BUSINESS

Gales: 54 since '54

Lisa Hammer
Helen and Dean Gale are seen at the dining room table in the rural Galva home they’ve shared since 1954.

Fifty-four years since moving into the farmhouse in ’54, Dean Gale, 83, and his wife Helen, 81, sat around their dining room table on a recent June morning and reflected on their lives on the farm.

Gale thought back. One of his proudest achievements over the years involved agriculture, but took place off the farm. He helped in an earlier effort to pool money for a bigger cause.

 He was one of nine directors on the Galva Co-Op board in 1966 and 1967 working to raise $130,000 as the down payment on the first concrete elevators. The only other surviving directors are Bernie Cromien and Dale Collinson.

When Gale started out, a farmer could make a good living on 160 acres.

“Now you can have 1,000 and still have a job in town because of the health insurance and so forth,” he said.

And today’s market volatility -? does he think it rattles farmers?

“The price of commodities does scare me because they can go down as fast as they go up. They can go up and down in one day more than they used to in a year,” he said.

“There are people speculating in the grain markets who’ve never seen an ear of corn. They’re making the markets. It’s beyond the Board of Trade, it’s speculators in New York causing these volatile markets.

“And the price of inputs is so high ? fertilizer, chemicals, fuel,” he continued. “Yeah, it’s nerve-wracking I think. When I was young, markets didn’t change that much in one month.

“But it’s something they grow into, you know, like everything else,” he added. “That is something you rarely hit is the highest price. Then if you didn’t sell more, it goes down and you wish you would have.”

On Oct. 30, the Gales will have been married for 65 years. They have two children: Bob Gale and Shirley Crisco, both of Galva, as well as six grandchildren and 10 great-grandchildren.

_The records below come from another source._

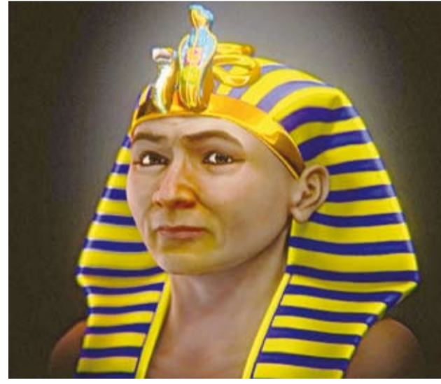
إعادة رسم وجه أحد أهم الفراعنة

استطاع علماء آثار مصريون، بالتعاون مع خبير الرسومات البرازيلي شيشرون موراييس، إعادة بناء وجه أمحتب الأول؛ أحد أهم فراعنة مصر، وثاني ملوك الأسرة الثامنة عشرة، الذي توفي عن 35 عاماً قبل 3500 عام، وكان أول من دفن في وادي الملوك. وتولى أمحتب الأول الحكم بعد رحيل والده أحسنس الأول الذي طرد الهكسوس، وقاد مصر إلى عصر جديد من السلام والازدهار.
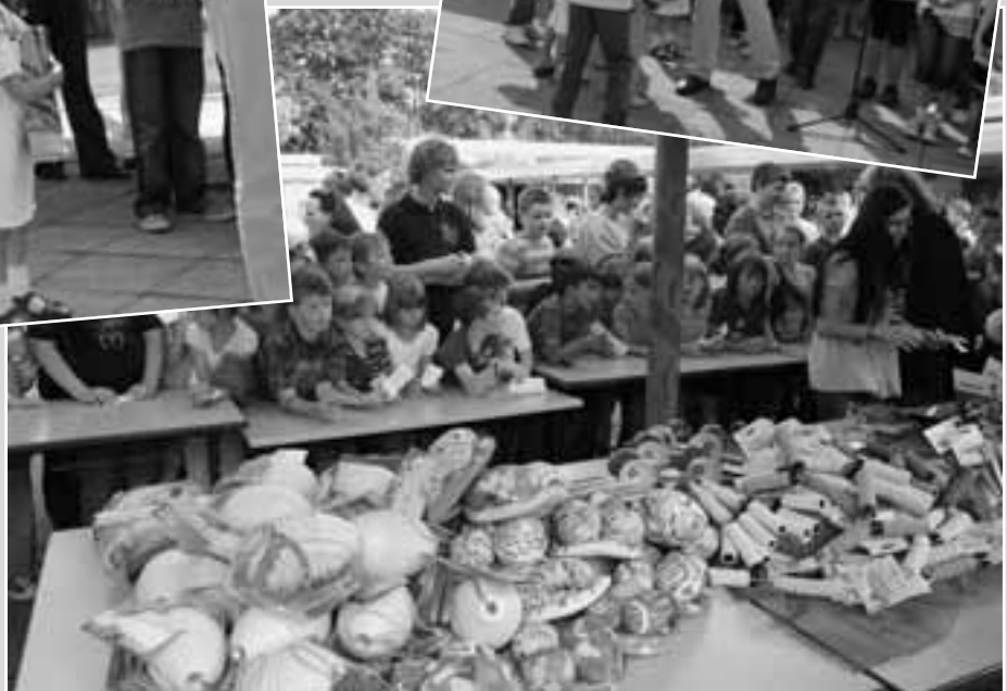
Der „Run“ auf die Trostpreise ging ohne Probleme vonstatten...
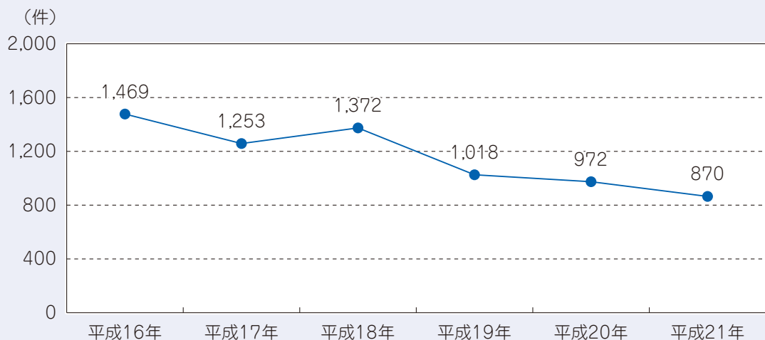
〔市内刑法犯認知件数〕

■「安全安心まちづくり市民ひろば」市民会議を定期的開催し、市民の主体的参加と議論を通じて、地域コミュニティや関係機関等と連携した安全安心パトロールや子どもたちの見守り活動などが実施され、犯罪抑止に効果をあげています。また、「ふっさ防犯だより」を発行し、市民への情報の提供を行っています。更に、平成21年3月には「福生市安全安心まちづくり条例」を制定し、犯罪防止に関する市民、事業者等と行政との責務を明確化し、安全安心まちづくり協議会の設置などを通じて地域ぐるみの防犯活動の取組を推進しています。市民の安全を守り、犯罪を防止するため、市民一人ひとりの防犯意識の向上を図るとともに、地域コミュニティや団体活動と連携した防犯活動体制の構築、また、犯罪が発生しやすい環境を改善していくことが求められています。
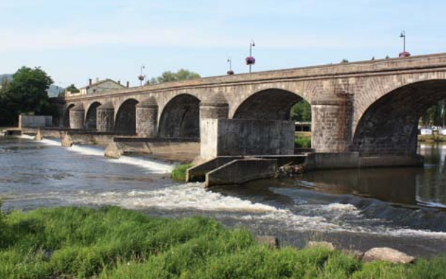
Seuil à Pont-du-Château, avant réaménagement cet automne
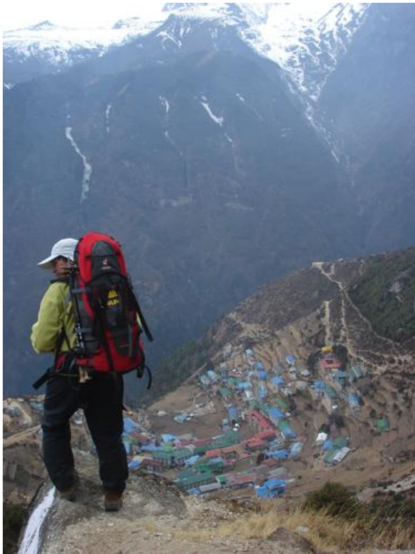
俯視著 Namche Bazar，像砍掉樹木的梯田
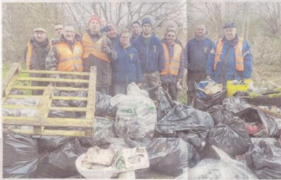
L'impressionnante collecte de l'année dernière sur un seul des 2500 points de ramassage. Et il est probable que l'apogée 2018 rassemble à s'y méprendre, à côté de l'année dernière.

HAUTS-DE-FRANCE La Région renouvelle le week-end prochain son opération qui a vu l'année dernière des dizaines de milliers de bénévoles se mobiliser pour nettoyer la nature.
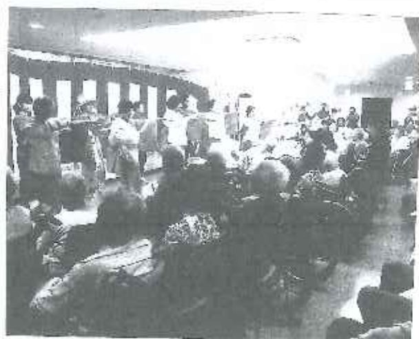
10/7 特養ぶなの森 秋祭り
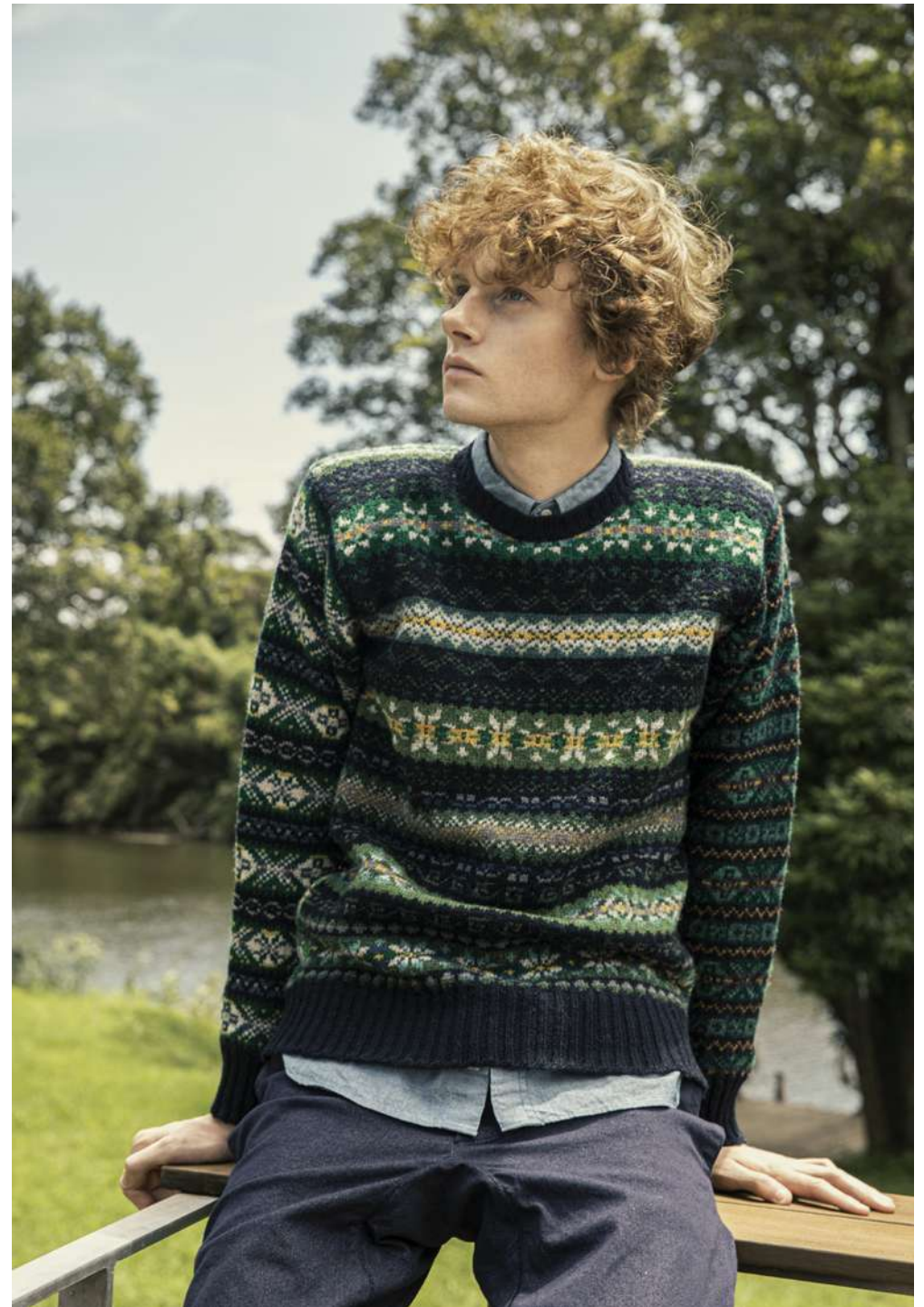
BEAMS ニット (ジャミーソンス×ビームス プラス) ¥31,000 シャツ ¥12,500 パンツ ¥12,000 (ともにビームス プラス) *表示価格はすべて税別
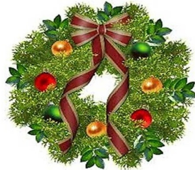
ΚΡΕΜΑΜΕ ΤΟ ΧΡΙΣΤΟΥΓΕΝΝΙΑΤΙΚΟ ΣΤΕΦΑΝΙ
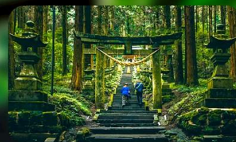
ศาลเจ้าคามิชิกิมิ
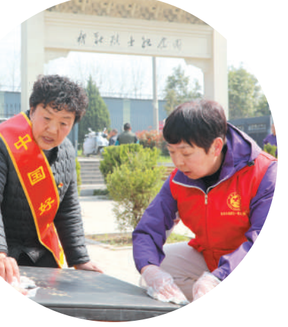
3月27日，清明将至，淮溪县四铺镇新庄烈士纪念馆庄严肃穆，社会各界人士分批在此开展“清明祭英烈”活动。纪念碑前，参加人员整齐列队，通过敬献花篮、肃立默哀、聆听英雄事迹和祭扫烈士墓等方式，深切缅怀革命先烈的丰功伟绩，表达对革命先烈的崇高敬意和深切追思。
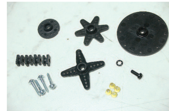
Es liegen zwei unterschiedlich große Servoscheiben sowie ein vier- und ein sechssar-miger Sternhebel bei. Das Befestigungsmaterial entspricht ebenfalls dem Standard.

neben einem Kreuz- und einem Sechsfach-Servoarm auch zwei Servoscheiben unterschiedlicher Größe bei. Die Aufnahmen am Zahnkranz (25 Zähne) entsprechen der »Futaba-Norm«, so dass alle von bzw. für Futaba hergestellten Servoarme ebenfalls verwendet werden können. Die Befestigung der Hebel erfolgt mit M3-Schrauben samt Sicherungsringen. Da servoseitig das Gewinde ebenfalls aus Metall besteht, empfiehlt es sich übrigens, bei der endgültigen Montage eine Schraubensicherung zu verwenden.
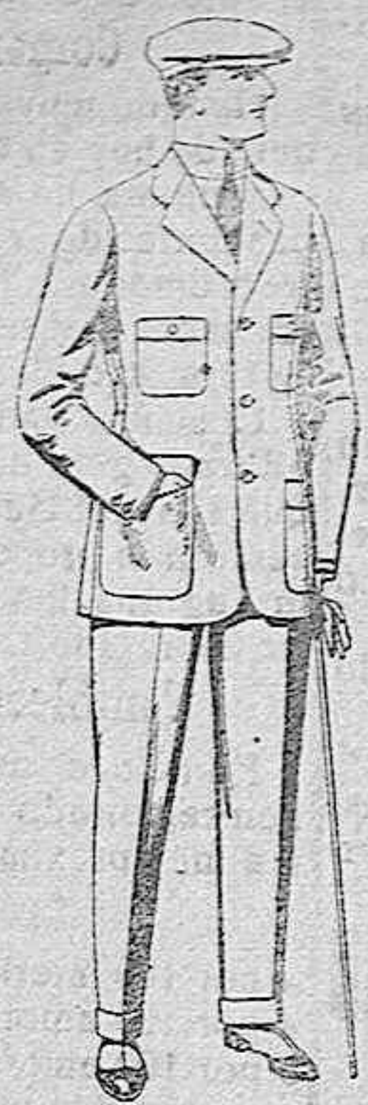
Trajes de cheviot, corte elegante, para sporman, de pesetas 45 a 55.
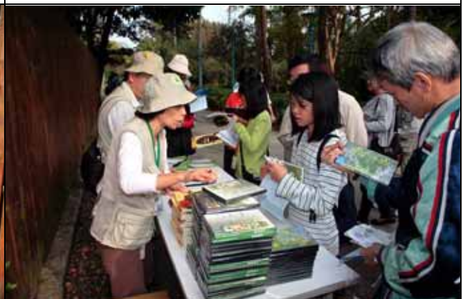
一年來除了知識上的收穫還有禮物可拿真好！
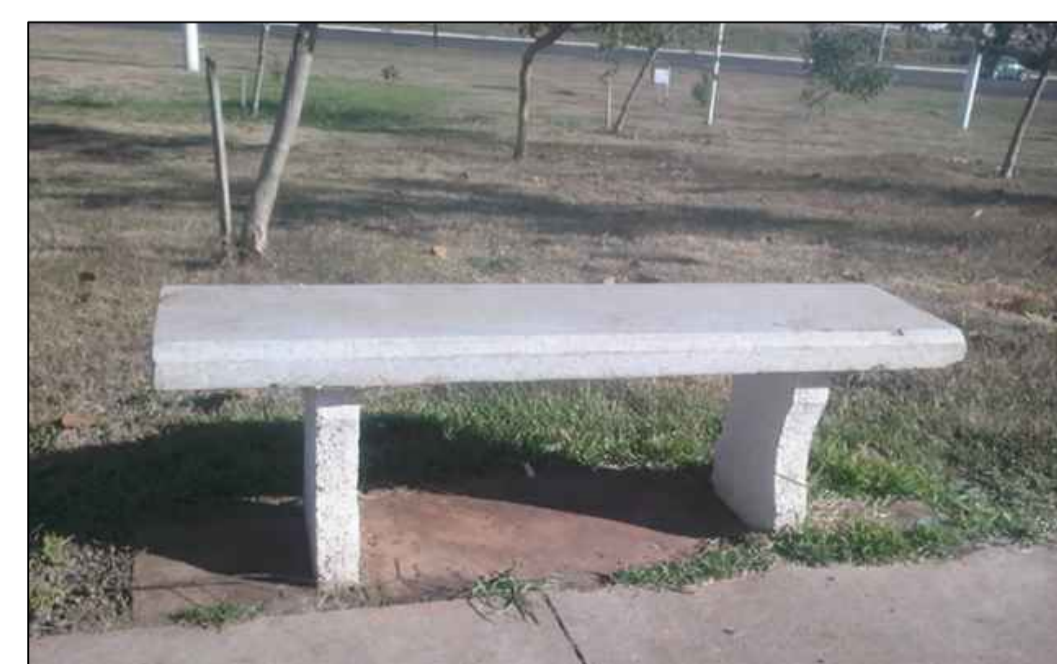
09_ Banco concreto
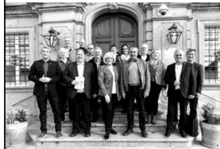
Zukunftswerkstatt Klausurtagung des Gemeinderates in Schloss Banz
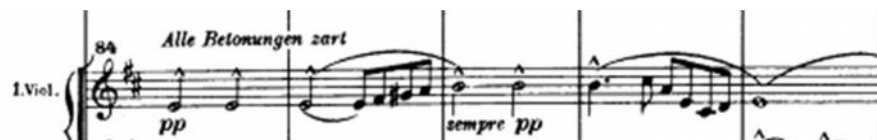
Tercer elemento motivico, violines 1 (A3) (c. 84 a 92)

El tercer elemento motivico del tema principal (A3) aparece en violines en el compás 84.
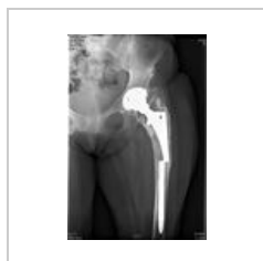
Fraktura femorálního driku TEP

There are triplet grandsons, and two sets of twins among the great-grandchildren.

Helen’s parents, Arthur and Ella Sandquist, bought the farm in the early 1920s.

“I lived one mile south, and we didn’t know each other,” said Mr. Gale.

The Gales got married, lived next door to her parents for four years, then moved into the farm house in 1954, raising corn, cattle, hogs and hay. They’ve been there for 54 years. They also expanded the farm into Knox County.

When Gale went to school, there were no ag classes so when it came to agriculture, his teacher was his father, Thomas Gale.

“He was a real good farmer and an honest man,” he reflected.